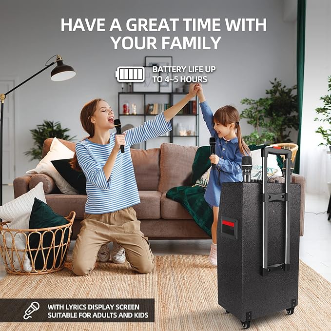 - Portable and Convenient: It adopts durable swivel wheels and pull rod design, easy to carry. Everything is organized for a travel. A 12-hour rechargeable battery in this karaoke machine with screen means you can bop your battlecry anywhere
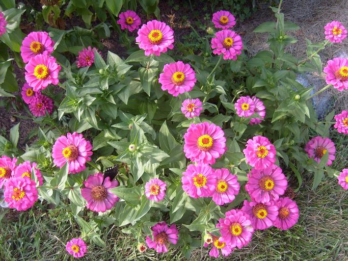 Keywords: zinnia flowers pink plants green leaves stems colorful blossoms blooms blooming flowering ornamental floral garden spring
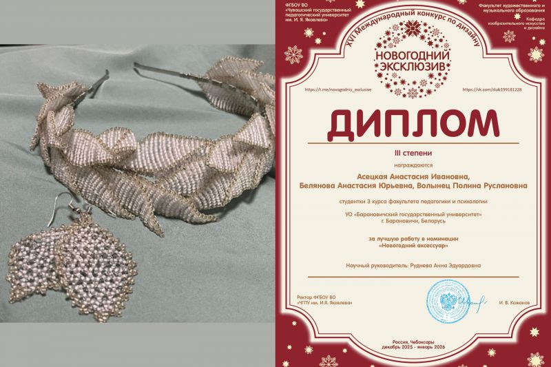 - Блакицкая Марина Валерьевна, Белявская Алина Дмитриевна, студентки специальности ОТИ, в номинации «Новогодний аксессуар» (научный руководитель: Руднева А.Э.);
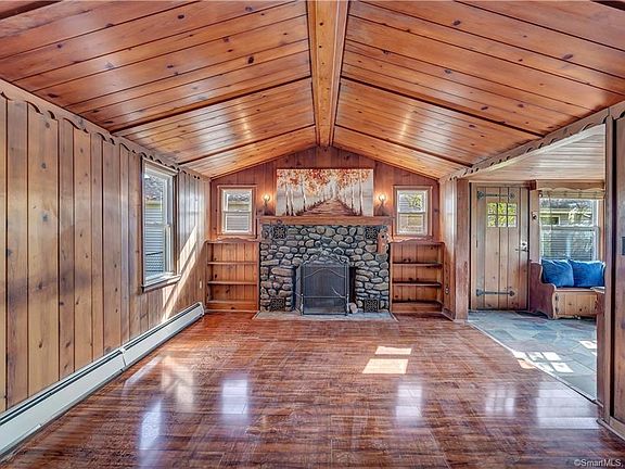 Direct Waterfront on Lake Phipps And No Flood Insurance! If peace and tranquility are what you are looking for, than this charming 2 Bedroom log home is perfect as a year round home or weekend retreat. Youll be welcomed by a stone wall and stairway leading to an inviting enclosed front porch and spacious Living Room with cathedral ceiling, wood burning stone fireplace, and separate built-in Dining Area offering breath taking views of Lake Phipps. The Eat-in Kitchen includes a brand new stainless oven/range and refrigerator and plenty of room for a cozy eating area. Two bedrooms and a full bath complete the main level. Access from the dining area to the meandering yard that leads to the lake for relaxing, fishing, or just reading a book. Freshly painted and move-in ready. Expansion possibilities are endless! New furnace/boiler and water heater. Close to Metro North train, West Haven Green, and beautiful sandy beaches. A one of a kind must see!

==

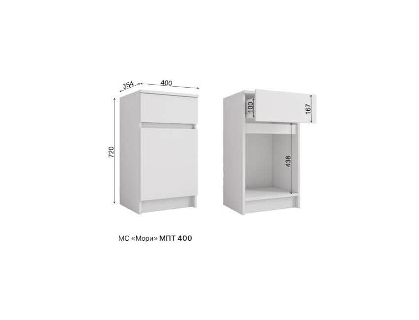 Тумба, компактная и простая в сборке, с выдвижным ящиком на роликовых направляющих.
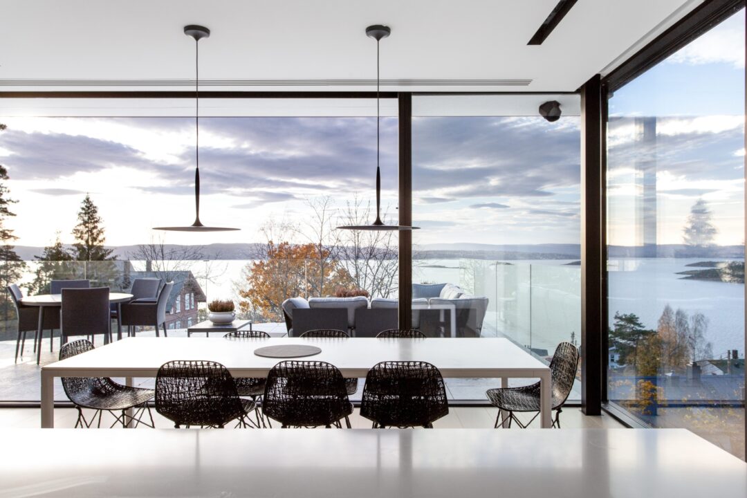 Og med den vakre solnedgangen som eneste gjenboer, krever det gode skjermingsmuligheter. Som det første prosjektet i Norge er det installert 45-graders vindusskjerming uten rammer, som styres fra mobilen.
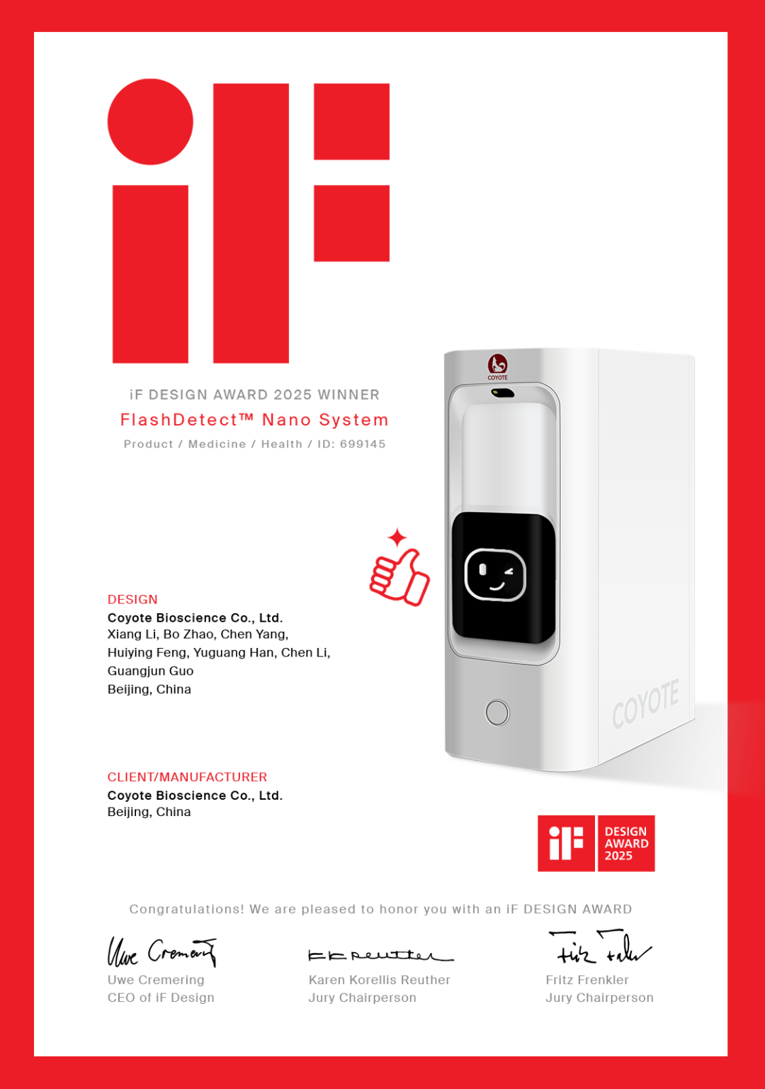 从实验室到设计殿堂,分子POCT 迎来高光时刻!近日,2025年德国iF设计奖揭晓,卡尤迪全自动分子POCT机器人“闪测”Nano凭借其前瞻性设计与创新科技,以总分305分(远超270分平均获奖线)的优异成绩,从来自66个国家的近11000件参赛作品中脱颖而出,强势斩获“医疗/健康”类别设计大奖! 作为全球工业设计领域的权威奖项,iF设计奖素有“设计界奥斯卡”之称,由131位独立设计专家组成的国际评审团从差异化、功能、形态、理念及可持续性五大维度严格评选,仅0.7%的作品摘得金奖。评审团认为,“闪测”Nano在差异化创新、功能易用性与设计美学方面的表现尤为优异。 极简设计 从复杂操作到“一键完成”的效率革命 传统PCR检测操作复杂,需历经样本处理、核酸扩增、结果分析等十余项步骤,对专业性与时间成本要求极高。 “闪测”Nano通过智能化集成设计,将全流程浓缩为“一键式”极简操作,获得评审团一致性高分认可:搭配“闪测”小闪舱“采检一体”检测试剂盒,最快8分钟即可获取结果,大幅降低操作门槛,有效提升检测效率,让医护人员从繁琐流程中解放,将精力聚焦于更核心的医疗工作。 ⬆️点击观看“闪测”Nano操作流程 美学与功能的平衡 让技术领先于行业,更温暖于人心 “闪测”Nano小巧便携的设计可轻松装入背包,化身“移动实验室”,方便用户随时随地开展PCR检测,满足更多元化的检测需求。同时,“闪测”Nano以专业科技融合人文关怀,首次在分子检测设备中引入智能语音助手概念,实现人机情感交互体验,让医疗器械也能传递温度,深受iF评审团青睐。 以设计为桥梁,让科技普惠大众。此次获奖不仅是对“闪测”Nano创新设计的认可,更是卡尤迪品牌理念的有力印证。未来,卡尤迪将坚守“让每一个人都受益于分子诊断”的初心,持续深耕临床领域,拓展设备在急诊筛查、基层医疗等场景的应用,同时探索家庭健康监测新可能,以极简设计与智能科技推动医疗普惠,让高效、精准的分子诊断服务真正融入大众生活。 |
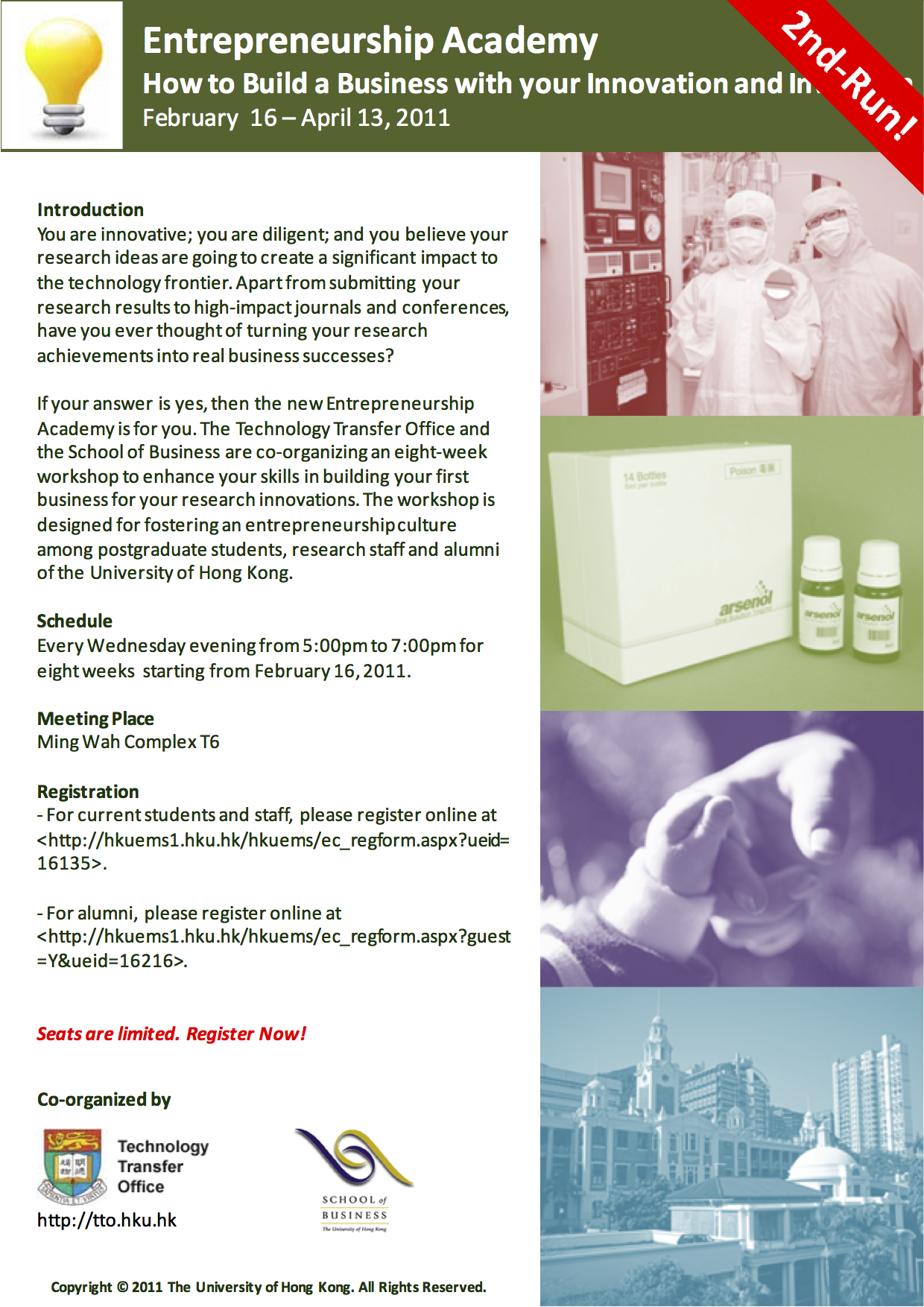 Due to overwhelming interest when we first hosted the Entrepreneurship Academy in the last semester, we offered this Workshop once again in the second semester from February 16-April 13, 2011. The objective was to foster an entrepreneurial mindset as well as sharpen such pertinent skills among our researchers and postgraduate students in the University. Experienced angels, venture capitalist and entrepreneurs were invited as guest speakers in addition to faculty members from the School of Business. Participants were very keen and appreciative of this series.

**Exercise goal:**
Copy exactly the lines of the listing above between the one holding "- Portable and" and the one holding "Direct Waterfront on", inclusive; omit all pictures.

**Answer box:**
 - Portable and Convenient: It adopts durable swivel wheels and pull rod design, easy to carry. Everything is organized for a travel. A 12-hour rechargeable battery in this karaoke machine with screen means you can bop your battlecry anywhere
 Keywords: zinnia flowers pink plants green leaves stems colorful blossoms blooms blooming flowering ornamental floral garden spring
 - Блакицкая Марина Валерьевна, Белявская Алина Дмитриевна, студентки специальности ОТИ, в номинации «Новогодний аксессуар» (научный руководитель: Руднева А.Э.);
 Direct Waterfront on Lake Phipps And No Flood Insurance! If peace and tranquility are what you are looking for, than this charming 2 Bedroom log home is perfect as a year round home or weekend retreat. Youll be welcomed by a stone wall and stairway leading to an inviting enclosed front porch and spacious Living Room with cathedral ceiling, wood burning stone fireplace, and separate built-in Dining Area offering breath taking views of Lake Phipps. The Eat-in Kitchen includes a brand new stainless oven/range and refrigerator and plenty of room for a cozy eating area. Two bedrooms and a full bath complete the main level. Access from the dining area to the meandering yard that leads to the lake for relaxing, fishing, or just reading a book. Freshly painted and move-in ready. Expansion possibilities are endless! New furnace/boiler and water heater. Close to Metro North train, West Haven Green, and beautiful sandy beaches. A one of a kind must see!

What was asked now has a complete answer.